### GIVEN INFORMATION
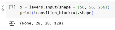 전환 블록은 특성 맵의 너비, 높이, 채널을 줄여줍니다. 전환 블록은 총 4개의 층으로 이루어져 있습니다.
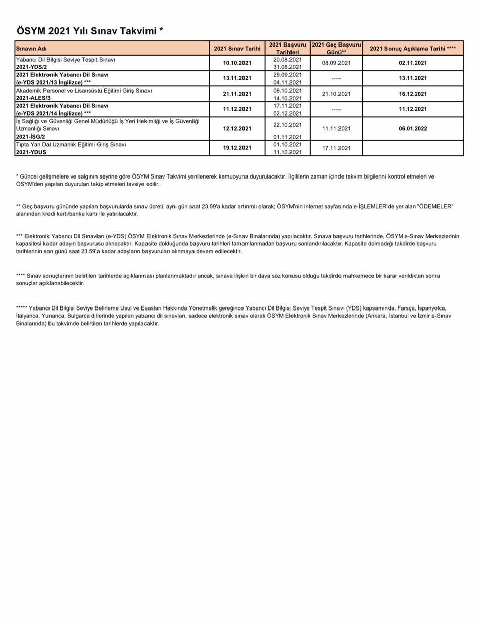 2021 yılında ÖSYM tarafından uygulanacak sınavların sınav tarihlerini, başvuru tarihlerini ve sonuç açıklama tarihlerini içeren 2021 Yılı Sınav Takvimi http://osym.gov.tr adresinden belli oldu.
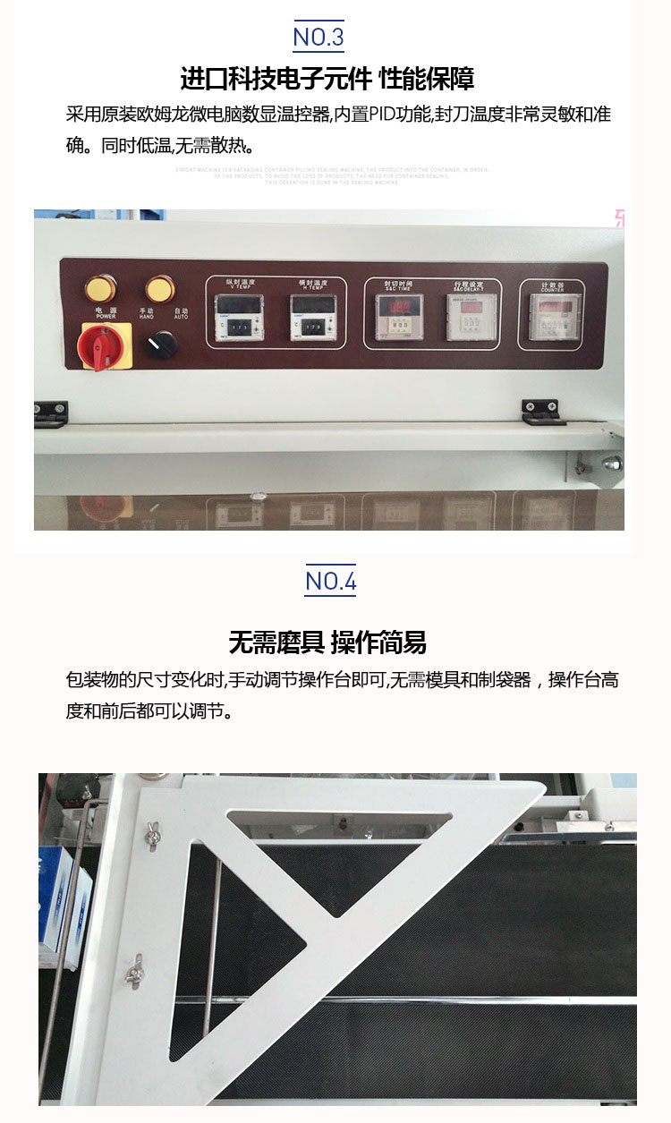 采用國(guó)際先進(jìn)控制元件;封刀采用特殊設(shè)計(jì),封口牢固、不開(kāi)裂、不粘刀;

### WHAT IS NEEDED
Type the lines above out again exactly as they appear, skipping every picture.

### REPLY TO THE EXERCISE
 전환 블록은 특성 맵의 너비, 높이, 채널을 줄여줍니다. 전환 블록은 총 4개의 층으로 이루어져 있습니다.
 2021 yılında ÖSYM tarafından uygulanacak sınavların sınav tarihlerini, başvuru tarihlerini ve sonuç açıklama tarihlerini içeren 2021 Yılı Sınav Takvimi http://osym.gov.tr adresinden belli oldu.
 采用國(guó)際先進(jìn)控制元件;封刀采用特殊設(shè)計(jì),封口牢固、不開(kāi)裂、不粘刀;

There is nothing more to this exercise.